More formally, for $\Sigma^i$ with $i>0$, we take the natural numbers $N_i = \left\{\sum_{j=0}^{i-1} |\Sigma|^j, ..., [\sum_{j=0}^i |\Sigma|^j] - 1\right\}$, and use them to construct a sequence $S_i$ such that $S^{-1}(\Sigma^i) = N_i$. We can determine the order of strings in that sequence by imposing an order on $\Sigma$—most straightforwardly, whatever order is implied by $S_1$—which is possible because $\Sigma$ is finite by assumption. We then use that to sort the elements of $\Sigma^i$ in lexicographic order. Therefore, we can sequence the entirety of $\Sigma^*$ using $S(j) = S_{\iota i: j \in N_i}(j)$ with $\iota i: j \in N_i$ being read _the unique $i$ such that $j$ is in $N_i$_. 

_Question:_ How many sets of strings are there in $2^{\Sigma^*}$? That is, what is $|2^{\Sigma^*}|$?

We call elements of $2^{\Sigma^*}$—sets of strings on $\Sigma$—languages. This terminology arises from the fact that, if $\Sigma$ were, say, all of the phonemes of English, at least one element of $2^{\Sigma^*}$ would be all and only the words of English (or at least one persons English idiolect). If $\Sigma$ were all English words (and assuming that _grammaticality_ is a coherent binary concept), at least one element of $2^{\Sigma^*}$ would be all the grammatical sentences of English (or at least one persons English idiolect). Of course, many of the sets in $2^{\Sigma^*}$ won't look anything like English or any other languages, and a big part of this class is going to be figuring out how to find subsets of $2^{\Sigma^*}$ that look like possible languages.

Because $\{s\} \in 2^{\Sigma^*}$ for all $s \in \Sigma^*$, we know that $2^{\Sigma^*}$ must be at least as large as $\mathbb{\Sigma}^*$, which is the same size as $\mathbb{N}$. But unlike $\mathbb{\Sigma}^*$ in comparison to $\mathbb{N}$, it turns out that $2^{\Sigma^*}$ is larger than either.

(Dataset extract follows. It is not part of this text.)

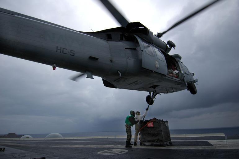 Keywords: US Navy 050222-N-5781F-137 Supply personnel connect cargo nets to an MH-60S Seahawk helicopter, assigned to the Providers of Helicopter Combat Support Squadron Five (HC-5).jpg en Pacific Ocean Feb 22 2005 - Supply personnel connect cargo nets to an MH-60S Seahawk helicopter assigned to the Providers of Helicopter Combat Support Squadron Five HC-5 during a vertical replenishment aboard the conventionally-powered aircraft carrier USS Kitty Hawk CV 63 Kitty Hawk demonstrates power projection and sea control as the U S Navy's only forward-deployed aircraft carrier operating from Yokosuka Japan U S Navy photo by Photographer's Mate 3rd Class Bo Flannigan RELEASED 2005-02-22 050222-N-5781F-137 Navy http //www navy mil/view_image asp id 22215 U S Navy photo by Photographer's Mate 3rd Class Bo Flannigan PD-USGov-Military-Navy Aboard USS Kitty Hawk CV-63 MH-60S helihoisting cargo
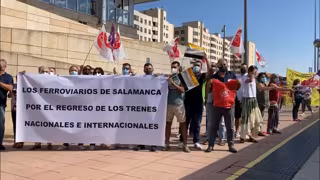 La protesta se ha llevado a cabo en la estación de Salamanca al paso del tren 'Connecting Europe Express' fletado por la Comisión Europea, que conectará las capitales de toda Europa con motivo del Año Europeo del Ferrocarril.

The trick to seeing this is to try to enumerate all languages in $2^{\Sigma^*}$. What we'll do is view each language as an infinite string of 1s and 0s, where the $j^{th}$ element for a language is $1$ if the string is in the language and $0$ otherwise. If the size of $2^{\Sigma^*}$ were the same as $\Sigma^*$ and $\mathbb{N}$, then we should be able to stack all of these infinite 1-0 (i.e. binary) sequences together into a matrix $\mathbf{B}$, where the $j^{th}$ column tells us for each language $i$ along the rows, whether that language contains string $S(j)$. That would be an enumeration of the languages because each language would have its own row.

Notice, though, that the language corresponding to the sequence $l_j = \begin{cases}1 & \text{if } b_{jj} = 0\\0 & \text{otherwise} \end{cases}$ cannot be in this enumeration because it differs from every language in the enumeration by at least one string: for language $j$, string $S(j)$. But $l_j$ is still a language: $\{s_j\;:\;l_j = 1\}$, and so any enumeration of languages we attempt to build will not contain all languages. Therefore, $|2^{\Sigma^*}| > |\Sigma^*| = |\mathbb{N}|$.